> [Work item]
Please reproduce all of the data exactly as it appears, but skip the pictures.

> [Information supplied]
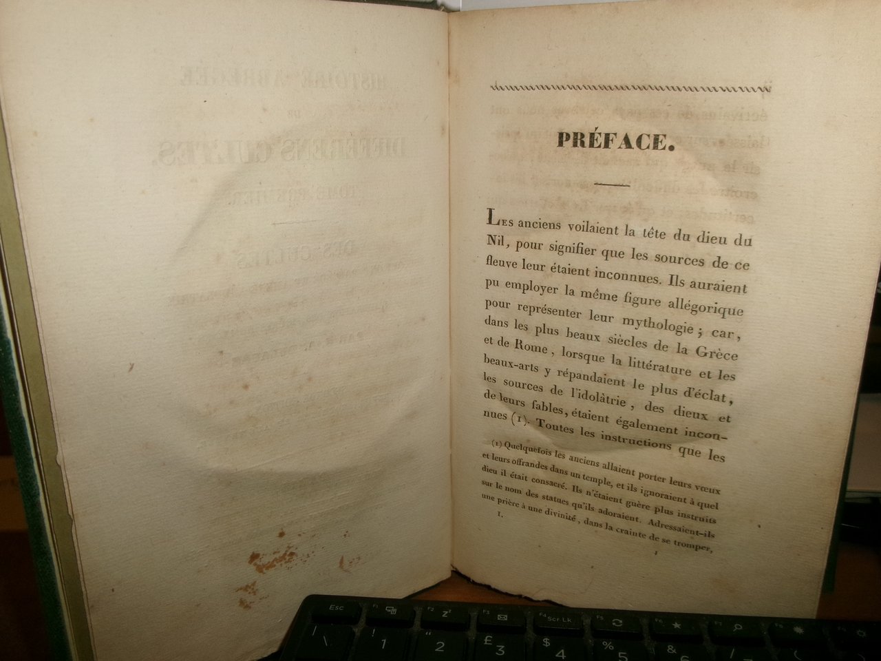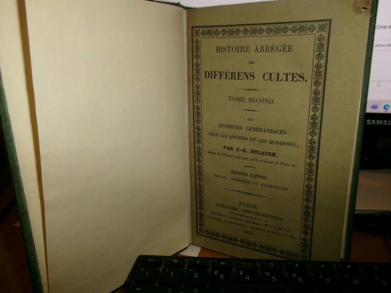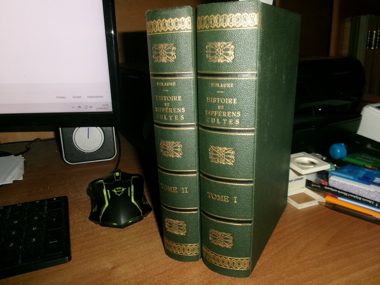 Guillaume, Paris. 1825. TOME PREMIER: DES CULTES QUI ONT PRÉCÉDÉ ET AMENÉ L' IDOLATRIE OU L'ADORATION DES FIGURES HUMAINES.- TOME SECOND: DES DIVINITÈS GÉNÉRATRICES CHEZ LES ANCIENS ET LES MODERNES. SECONDE ÉDITION REVUE , CORRIGÉE ET AUGMENTÉE. 2 VOLUMI IN 8°, tela con fregi e titoli in oro sui dorsi, con le brossure originali conservate, ex libris all' occhietto del tomo 1. (4), X, 558; (4), XVI, 17- 464 PP. CARTA CON LE SOLITE DIFFUSE ARROSSATURE, MA ESEMPLARE BEN CONSERVATO IN BARBE DI QUEST' OPERA RARA. " CETTE HISTOIRE EST, AVEC CELLE DE DUPUIS QUE D' AILLEURS ELLE COMPLÈTE, UNE DES MEILLEURES ET DES PLUS DOCUMENTÉES QUE NOUS POSSEDONS..." ( CAILLET, I, 3340 ). DE GUAITA, 258 : "EDITION RARE". Uff. stanz. TV. mob. nostro
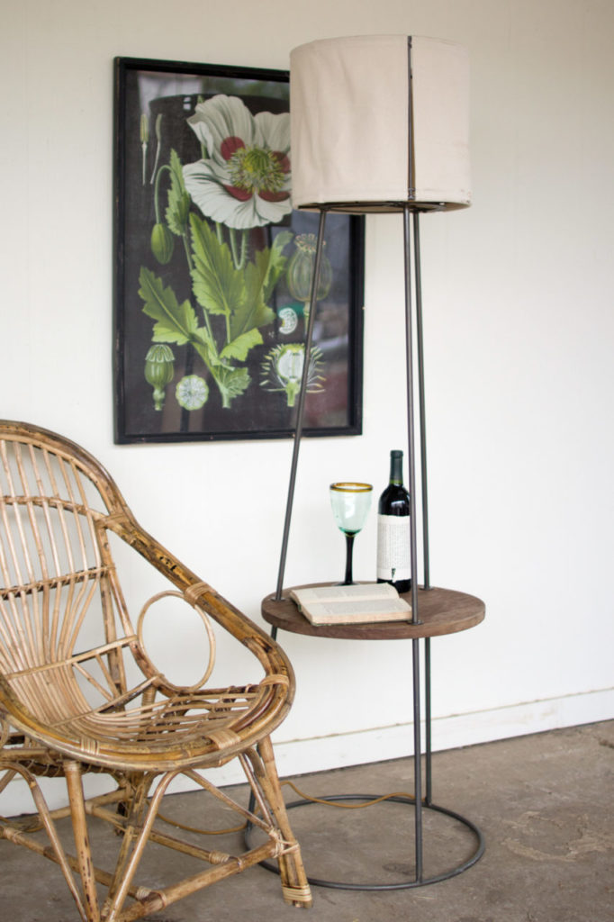 (Multi)Task Lighting: Real estate is expensive. Have your light and table share one space-saving footprint with this ingenious piece. A canvas shade sits atop an iron base and wood tabletop.
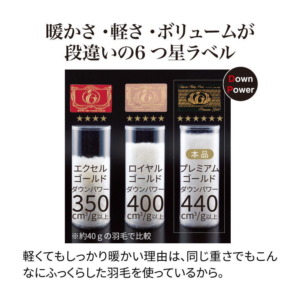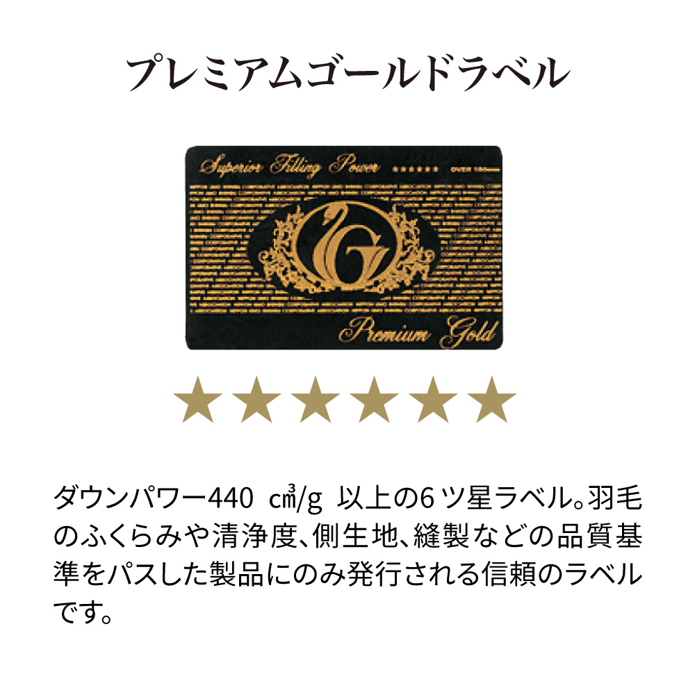 羽毛の中でも最高品質を誇る貴重なポーランド産マザーグースを惜しみなく使い、国内で丁寧に仕立て。とっておきの軽さと暖かさを持つプレミアムな羽毛布団をこの破格でご提供できるのは、羽毛の急激な値上がり前にこの希少な原料を確保できたから。この特別な機会を、ぜひお見逃しなく。最上位ラベル6つ星の羽毛布団が、特別なお値段であなたの元へこの冬、自信を持ってご紹介したいのが、こちらのプレミアムな羽毛布団。世界でも指折りの羽毛の産地ポーランドで大切に育まれたマザーグースダウンを贅沢に使い、日本の熟練の職人が心を込めて仕立てました。羽毛の価格が高騰する前に原料を確保できたからこそ実現したこの特別な機会を、どうぞお見逃しなく。羽毛の名産地ポーランド産マザーグースダウンの秘密恵まれた大自然が育む、とびきり上質な羽毛。冬には厳しく冷え込み、夏には暑くなる、寒暖差の激しいポーランドの地。そんな厳しい自然の中で、のびのびと、そして時間をかけて大切に育てられたマザーグースは、自らの体を守るために、あたたかなダウンを蓄えるのだそうです。この地で生まれた羽毛は、一つ一つがしっかりとしていて、驚くほどの品質と丈夫さを備えています。ゆっくりと成熟したダウンが叶える、とびきりの暖かさこの羽毛布団に使われているのは「契約農場で2年以上もの歳月をかけて、じっくりと育てられた成熟したマザーグース」のダウン。一般的なグースよりも飼育期間が長く、ポーランド国内でも、その生産量はわずか5%にも満たないと言われるほど、本当に稀少なもの。時間をかけてゆっくりと成長するからこそ、ダウンボールは大きく、まるで綿毛のようにふっくらと育つのです。その成熟した、大きなダウンボールを、なんと93%も贅沢に使いました。大きさも暖かさも段違いのダウンボールダウンボールが大きいほど、その細やかな羽枝が複雑に絡み合い、たくさんの暖かい空気をぎゅっと閉じ込めてくれます。一般的なダックダウンの、およそ2倍もの大きさを誇るマザーグースダウンの保温力は、まさに別格。ふんわり、そして、もっちり。まるで雲のような心地よさ大きく成長したダウンボールは、長くしなやかな羽枝を広げ、それが複雑に絡み合うことで、弾力性と豊かなボリュームを生み出します。またあたたかさを溜めこみ、ふんわりもっちりとしたまるで雲のような掛け心地を生み出します。最高位ランク「プレミアムゴールドラベル」が語る、確かな品質この羽毛布団は、厳格な品質基準をクリアした製品だけに与えられる「プレミアムゴールドラベル」を取得しています。中でも、ダウンパワー440?/gという最高評価の「6ツ星」ラベルは、羽毛のふくらみ、清らかさなど、細部にわたる徹底した品質管理の証です。どこまでも暖かく、そして快適に同じ重さの他のラベルの羽毛と比べても、このマザーグースダウンは驚くほどふっくらと膨らみます。だから軽やかな掛け心地なのに、じんわりと暖まるのです。さらに、羽毛がもともと持っている、天然の吸放湿性によって、布団の中はいつもサラリと快適。心地よい眠りを邪魔しない、ストレスフリーな掛け心地をぜひ体験してください。暖かさをずっと閉じ込める「立体2層構造」の工夫布団の中央に、もう一枚生地を挟んだ「二重キルト」という特別な構造を採用しました。これによって、中の羽毛が片寄ることなく、布団全体が均一にふっくらと保たれます。また、布団と体の間にすき間ができにくくなるので、肩口や足元から暖かな空気が逃げてしまうのを防いでくれるのです。

> [Solution for this problem]
 Guillaume, Paris. 1825. TOME PREMIER: DES CULTES QUI ONT PRÉCÉDÉ ET AMENÉ L' IDOLATRIE OU L'ADORATION DES FIGURES HUMAINES.- TOME SECOND: DES DIVINITÈS GÉNÉRATRICES CHEZ LES ANCIENS ET LES MODERNES. SECONDE ÉDITION REVUE , CORRIGÉE ET AUGMENTÉE. 2 VOLUMI IN 8°, tela con fregi e titoli in oro sui dorsi, con le brossure originali conservate, ex libris all' occhietto del tomo 1. (4), X, 558; (4), XVI, 17- 464 PP. CARTA CON LE SOLITE DIFFUSE ARROSSATURE, MA ESEMPLARE BEN CONSERVATO IN BARBE DI QUEST' OPERA RARA. " CETTE HISTOIRE EST, AVEC CELLE DE DUPUIS QUE D' AILLEURS ELLE COMPLÈTE, UNE DES MEILLEURES ET DES PLUS DOCUMENTÉES QUE NOUS POSSEDONS..." ( CAILLET, I, 3340 ). DE GUAITA, 258 : "EDITION RARE". Uff. stanz. TV. mob. nostro
 (Multi)Task Lighting: Real estate is expensive. Have your light and table share one space-saving footprint with this ingenious piece. A canvas shade sits atop an iron base and wood tabletop.
 羽毛の中でも最高品質を誇る貴重なポーランド産マザーグースを惜しみなく使い、国内で丁寧に仕立て。とっておきの軽さと暖かさを持つプレミアムな羽毛布団をこの破格でご提供できるのは、羽毛の急激な値上がり前にこの希少な原料を確保できたから。この特別な機会を、ぜひお見逃しなく。最上位ラベル6つ星の羽毛布団が、特別なお値段であなたの元へこの冬、自信を持ってご紹介したいのが、こちらのプレミアムな羽毛布団。世界でも指折りの羽毛の産地ポーランドで大切に育まれたマザーグースダウンを贅沢に使い、日本の熟練の職人が心を込めて仕立てました。羽毛の価格が高騰する前に原料を確保できたからこそ実現したこの特別な機会を、どうぞお見逃しなく。羽毛の名産地ポーランド産マザーグースダウンの秘密恵まれた大自然が育む、とびきり上質な羽毛。冬には厳しく冷え込み、夏には暑くなる、寒暖差の激しいポーランドの地。そんな厳しい自然の中で、のびのびと、そして時間をかけて大切に育てられたマザーグースは、自らの体を守るために、あたたかなダウンを蓄えるのだそうです。この地で生まれた羽毛は、一つ一つがしっかりとしていて、驚くほどの品質と丈夫さを備えています。ゆっくりと成熟したダウンが叶える、とびきりの暖かさこの羽毛布団に使われているのは「契約農場で2年以上もの歳月をかけて、じっくりと育てられた成熟したマザーグース」のダウン。一般的なグースよりも飼育期間が長く、ポーランド国内でも、その生産量はわずか5%にも満たないと言われるほど、本当に稀少なもの。時間をかけてゆっくりと成長するからこそ、ダウンボールは大きく、まるで綿毛のようにふっくらと育つのです。その成熟した、大きなダウンボールを、なんと93%も贅沢に使いました。大きさも暖かさも段違いのダウンボールダウンボールが大きいほど、その細やかな羽枝が複雑に絡み合い、たくさんの暖かい空気をぎゅっと閉じ込めてくれます。一般的なダックダウンの、およそ2倍もの大きさを誇るマザーグースダウンの保温力は、まさに別格。ふんわり、そして、もっちり。まるで雲のような心地よさ大きく成長したダウンボールは、長くしなやかな羽枝を広げ、それが複雑に絡み合うことで、弾力性と豊かなボリュームを生み出します。またあたたかさを溜めこみ、ふんわりもっちりとしたまるで雲のような掛け心地を生み出します。最高位ランク「プレミアムゴールドラベル」が語る、確かな品質この羽毛布団は、厳格な品質基準をクリアした製品だけに与えられる「プレミアムゴールドラベル」を取得しています。中でも、ダウンパワー440?/gという最高評価の「6ツ星」ラベルは、羽毛のふくらみ、清らかさなど、細部にわたる徹底した品質管理の証です。どこまでも暖かく、そして快適に同じ重さの他のラベルの羽毛と比べても、このマザーグースダウンは驚くほどふっくらと膨らみます。だから軽やかな掛け心地なのに、じんわりと暖まるのです。さらに、羽毛がもともと持っている、天然の吸放湿性によって、布団の中はいつもサラリと快適。心地よい眠りを邪魔しない、ストレスフリーな掛け心地をぜひ体験してください。暖かさをずっと閉じ込める「立体2層構造」の工夫布団の中央に、もう一枚生地を挟んだ「二重キルト」という特別な構造を採用しました。これによって、中の羽毛が片寄ることなく、布団全体が均一にふっくらと保たれます。また、布団と体の間にすき間ができにくくなるので、肩口や足元から暖かな空気が逃げてしまうのを防いでくれるのです。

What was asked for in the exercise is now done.